The Template Engine is the core modeling component that lives on the central cluster. It manages the definition, inheritance, composition, and resolution of machine templates — the blueprints from which all machine instances are created. It handles flattening templates into deployable configurations, calculating diffs between deployed and current states, and performing comprehensive pre-deployment validation.

Location

Central cluster only. Sites receive flattened output and have no awareness of templates.

Responsibilities

  • Store and manage template definitions (attributes, alarms, scripts) in the configuration database.
  • Enforce inheritance (is-a) relationships between templates.
  • Enforce composition (has-a) relationships, including recursive nesting of feature modules.
  • Detect and reject naming collisions when composing feature modules (design-time error).
  • Resolve the attribute chain: Instance → Child Template → Parent Template → Composing Template → Composed Module.
  • Enforce locking rules — locked members cannot be overridden downstream, intermediate levels can lock previously unlocked members, and nothing can unlock what's locked above.
  • Support adding new attributes, alarms, and scripts in child templates.
  • Prevent removal of inherited members.
  • Flatten a fully resolved template + instance overrides into a deployable configuration (no template structure, just concrete attribute values with resolved data connection bindings).
  • Calculate diffs between deployed and template-derived configurations.
  • Perform comprehensive pre-deployment validation (see Validation section).
  • Provide on-demand validation for Design users during template authoring.
  • Enforce template deletion constraints — templates cannot be deleted if any instances or child templates reference them.
  • Organize templates into nested folders (TemplateFolder entity) and validate folder hierarchy invariants (acyclicity, sibling uniqueness, non-empty-on-delete).

Key Entities

Template

  • Has a unique name/ID.
  • Optionally extends a parent template (inheritance).
  • Contains zero or more composed feature modules (composition).
  • Defines attributes, alarms, and scripts as first-class members.
  • Cannot be deleted if referenced by instances or child templates.
  • Concurrent editing uses last-write-wins — no pessimistic locking or conflict detection.
  • May belong to a TemplateFolder via nullable FolderId, or live at the tree root when null.

TemplateFolder

  • Hierarchical organizational entity with a self-referencing ParentFolderId (null at the root).
  • Sibling folder names are unique (case-insensitive) within the same parent.
  • Folders carry no semantic meaning for template resolution, flattening, validation, or inheritance — they exist purely for UI organization.
  • Folder deletion is blocked if the folder contains any subfolders or templates.
  • The folder graph is enforced acyclic on move (a folder cannot become its own descendant).

Attribute

  • Name, Value, Data Type (Boolean, Integer, Float, String), Lock Flag, Description.
  • Optional Data Source Reference — a relative path within a data connection (e.g., /Motor/Speed). The template defines what to read but not where to read it from. The connection binding is an instance-level concern.
  • Value may be empty if intended to be set at instance level or via data connection binding.

Alarm

  • Name, Description, Priority Level (01000), Lock Flag.
  • Trigger Definition: Value Match, Range Violation, or Rate of Change.
  • Optional On-Trigger Script reference.

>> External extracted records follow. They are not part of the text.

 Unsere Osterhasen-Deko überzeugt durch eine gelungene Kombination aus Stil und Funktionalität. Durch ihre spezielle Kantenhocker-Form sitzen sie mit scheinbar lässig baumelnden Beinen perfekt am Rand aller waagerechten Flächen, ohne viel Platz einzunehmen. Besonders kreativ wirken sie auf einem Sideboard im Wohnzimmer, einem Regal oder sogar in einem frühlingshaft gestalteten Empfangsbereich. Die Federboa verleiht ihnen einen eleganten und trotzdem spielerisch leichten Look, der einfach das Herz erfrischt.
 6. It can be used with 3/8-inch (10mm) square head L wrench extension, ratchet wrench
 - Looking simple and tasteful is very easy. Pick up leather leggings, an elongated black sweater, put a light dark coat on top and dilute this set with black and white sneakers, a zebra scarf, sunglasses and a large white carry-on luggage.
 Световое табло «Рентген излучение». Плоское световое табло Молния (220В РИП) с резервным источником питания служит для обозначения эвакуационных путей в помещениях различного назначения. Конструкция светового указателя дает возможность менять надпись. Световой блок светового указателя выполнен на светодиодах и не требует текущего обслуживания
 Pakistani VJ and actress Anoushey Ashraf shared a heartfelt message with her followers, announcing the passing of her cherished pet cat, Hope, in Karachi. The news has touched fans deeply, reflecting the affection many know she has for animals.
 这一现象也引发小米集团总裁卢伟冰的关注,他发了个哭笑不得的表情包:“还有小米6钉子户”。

Native Alarm Source (TemplateNativeAlarmSource)

  • A read-only binding that mirrors native alarms raised by an upstream system — OPC UA Alarms & Conditions or the MxAccess Gateway — rather than alarms evaluated by the Site Runtime from attribute values.
  • Fields: Name, Description (optional), ConnectionName (the data connection that carries the native alarms), SourceReference (a raw connection address — an OPC UA SourceNode nodeId, or an MxAccess object/area), ConditionFilter (optional — when null, mirror all conditions under the source), and the standard locking flags (IsLocked, IsInherited, LockedInDerived).
  • SourceReference is a raw connection address, not a relative attribute path — the Template Engine does not interpret or rewrite it (contrast with an attribute's DataSourceReference).
  • Defined on a template as a first-class member via Template.NativeAlarmSources.
  • Resolved native alarm sources drive the Site Runtime's NativeAlarmActor (see Interactions); the Template Engine only models and flattens them.

Script (Template-Level)

  • Name, Lock Flag, C# source code.
  • Trigger configuration: Interval, Value Change, Conditional, Expression, or invoked by alarm/other script. Conditional and Expression triggers also carry a fire mode — OnTrue (fire as the condition becomes true) or WhileTrue (re-fire on a timer while it stays true).
  • Optional minimum time between runs — also the re-fire cadence for a WhileTrue trigger.
  • Parameter Definition (optional): Defines input parameters (name and data type per parameter). Scripts without parameters accept no arguments.
  • Return Value Definition (optional): Defines the structure of the script's return value (field names and data types). Supports single objects and lists of objects. Scripts without a return definition return void.

Instance

  • Associated with a specific template and a specific site.
  • Assigned to an area within the site.
  • Can override non-locked attribute values (no adding/removing attributes).
  • Can override non-locked native alarm source bindings via Instance.NativeAlarmSourceOverrides (see Override Granularity) — no adding/removing sources.
  • Bound to data connections at instance creation — per-attribute binding where each attribute with a data source reference individually selects its data connection.
  • Can be in enabled or disabled state.
  • Can be deleted — deletion is blocked if the site is unreachable.

Area

  • Hierarchical groupings per site (parent-child).
  • Stored in the configuration database.
  • Used for filtering/organizing instances in the UI.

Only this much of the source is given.